What is required:
Nothing but the lines below between the line holding "吉利支丹鹿児島に初来日! もちもちずんだ餅 堂々たる土佐犬" and the line holding "Schöner Erdton Save", inclusive, should appear in the answer, each set down exactly.

Supplied records:
┌────────
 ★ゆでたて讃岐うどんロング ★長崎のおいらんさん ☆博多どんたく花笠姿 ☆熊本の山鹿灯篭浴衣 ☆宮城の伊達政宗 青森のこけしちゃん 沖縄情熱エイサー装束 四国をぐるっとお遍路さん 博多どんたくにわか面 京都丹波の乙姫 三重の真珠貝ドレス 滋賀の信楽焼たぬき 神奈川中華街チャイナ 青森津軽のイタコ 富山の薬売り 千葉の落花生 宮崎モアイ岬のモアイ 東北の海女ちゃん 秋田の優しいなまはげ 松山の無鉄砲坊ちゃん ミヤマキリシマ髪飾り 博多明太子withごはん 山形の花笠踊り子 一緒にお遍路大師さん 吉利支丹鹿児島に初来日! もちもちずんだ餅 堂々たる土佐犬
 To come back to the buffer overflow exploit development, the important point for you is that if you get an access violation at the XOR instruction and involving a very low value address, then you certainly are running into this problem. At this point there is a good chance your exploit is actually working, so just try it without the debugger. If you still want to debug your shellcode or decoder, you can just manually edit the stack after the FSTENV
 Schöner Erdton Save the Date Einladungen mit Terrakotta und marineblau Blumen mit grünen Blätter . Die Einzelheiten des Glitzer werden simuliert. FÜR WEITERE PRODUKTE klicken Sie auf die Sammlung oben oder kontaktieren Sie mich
└────────
┌────────
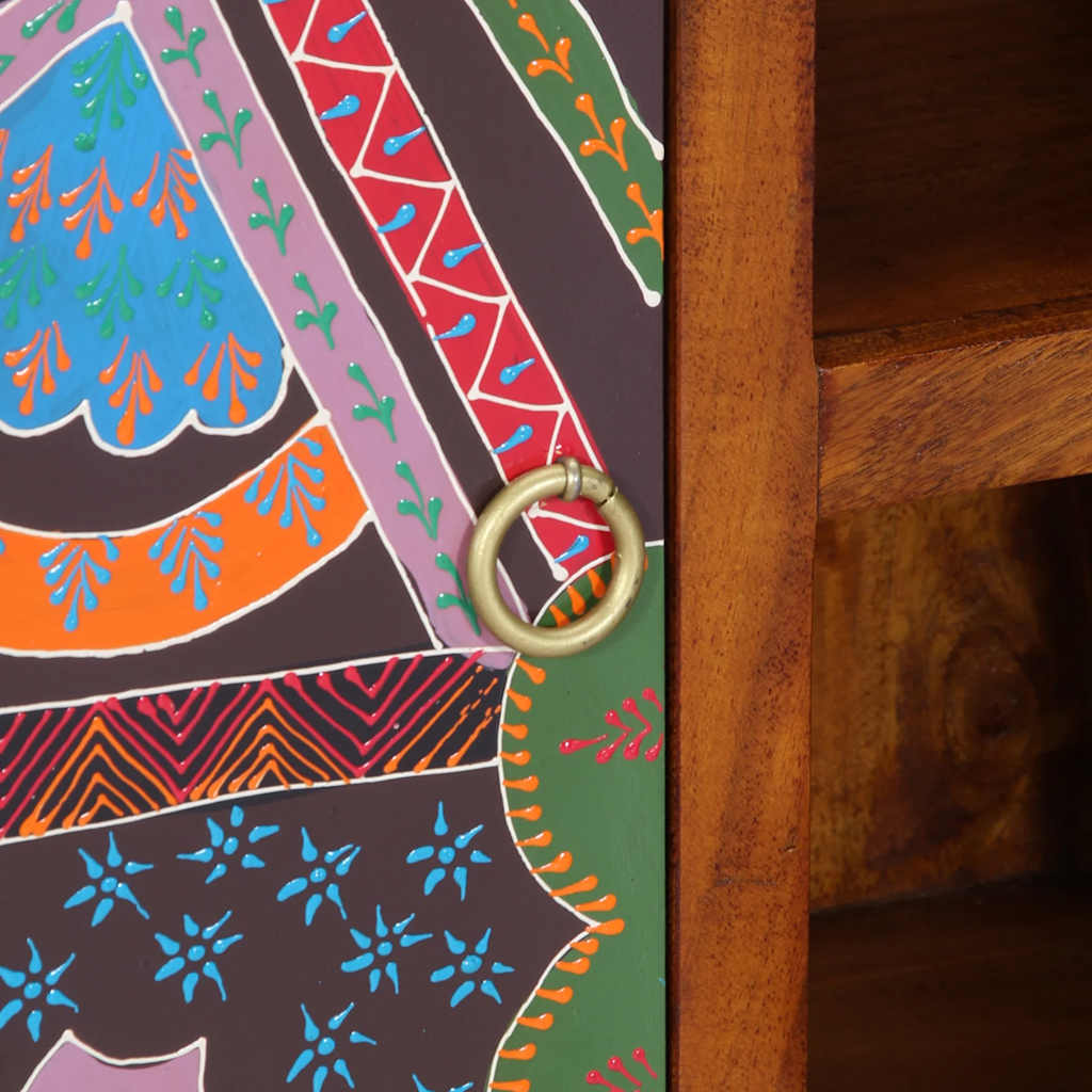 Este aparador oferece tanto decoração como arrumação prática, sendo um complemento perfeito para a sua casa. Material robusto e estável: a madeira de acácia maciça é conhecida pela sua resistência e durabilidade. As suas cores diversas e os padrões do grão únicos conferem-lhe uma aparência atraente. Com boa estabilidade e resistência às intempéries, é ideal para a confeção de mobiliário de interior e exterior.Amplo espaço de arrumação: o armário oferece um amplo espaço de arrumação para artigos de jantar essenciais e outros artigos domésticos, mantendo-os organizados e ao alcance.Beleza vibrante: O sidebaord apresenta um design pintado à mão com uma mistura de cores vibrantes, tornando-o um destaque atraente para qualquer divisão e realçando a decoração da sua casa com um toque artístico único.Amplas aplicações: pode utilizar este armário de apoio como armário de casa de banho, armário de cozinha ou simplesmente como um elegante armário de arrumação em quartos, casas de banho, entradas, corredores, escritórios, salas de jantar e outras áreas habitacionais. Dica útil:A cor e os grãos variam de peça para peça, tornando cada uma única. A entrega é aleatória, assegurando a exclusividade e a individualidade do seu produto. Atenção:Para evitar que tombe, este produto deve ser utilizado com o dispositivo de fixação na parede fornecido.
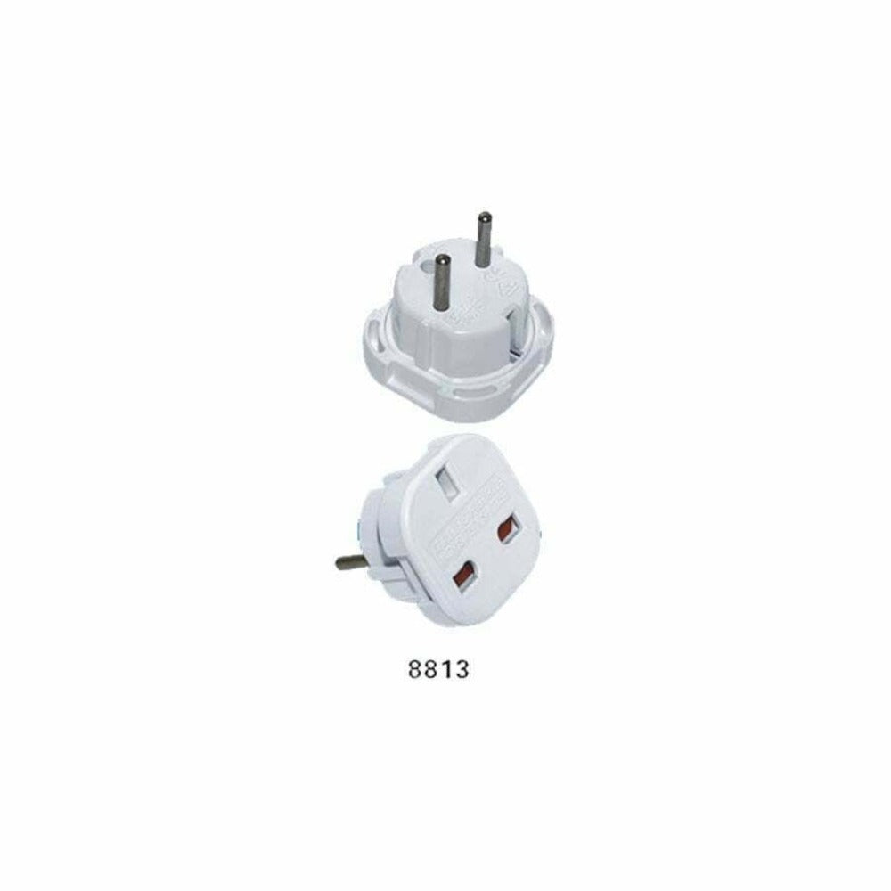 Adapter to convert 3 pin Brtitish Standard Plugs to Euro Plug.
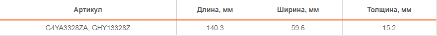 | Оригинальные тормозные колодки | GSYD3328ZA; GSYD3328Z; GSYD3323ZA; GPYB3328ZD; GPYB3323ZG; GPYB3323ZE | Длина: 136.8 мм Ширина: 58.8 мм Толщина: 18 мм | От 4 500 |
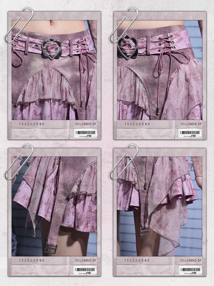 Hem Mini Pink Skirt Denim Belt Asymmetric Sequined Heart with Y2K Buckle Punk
└────────
Problem solution:
 ★ゆでたて讃岐うどんロング ★長崎のおいらんさん ☆博多どんたく花笠姿 ☆熊本の山鹿灯篭浴衣 ☆宮城の伊達政宗 青森のこけしちゃん 沖縄情熱エイサー装束 四国をぐるっとお遍路さん 博多どんたくにわか面 京都丹波の乙姫 三重の真珠貝ドレス 滋賀の信楽焼たぬき 神奈川中華街チャイナ 青森津軽のイタコ 富山の薬売り 千葉の落花生 宮崎モアイ岬のモアイ 東北の海女ちゃん 秋田の優しいなまはげ 松山の無鉄砲坊ちゃん ミヤマキリシマ髪飾り 博多明太子withごはん 山形の花笠踊り子 一緒にお遍路大師さん 吉利支丹鹿児島に初来日! もちもちずんだ餅 堂々たる土佐犬
 To come back to the buffer overflow exploit development, the important point for you is that if you get an access violation at the XOR instruction and involving a very low value address, then you certainly are running into this problem. At this point there is a good chance your exploit is actually working, so just try it without the debugger. If you still want to debug your shellcode or decoder, you can just manually edit the stack after the FSTENV
 Schöner Erdton Save the Date Einladungen mit Terrakotta und marineblau Blumen mit grünen Blätter . Die Einzelheiten des Glitzer werden simuliert. FÜR WEITERE PRODUKTE klicken Sie auf die Sammlung oben oder kontaktieren Sie mich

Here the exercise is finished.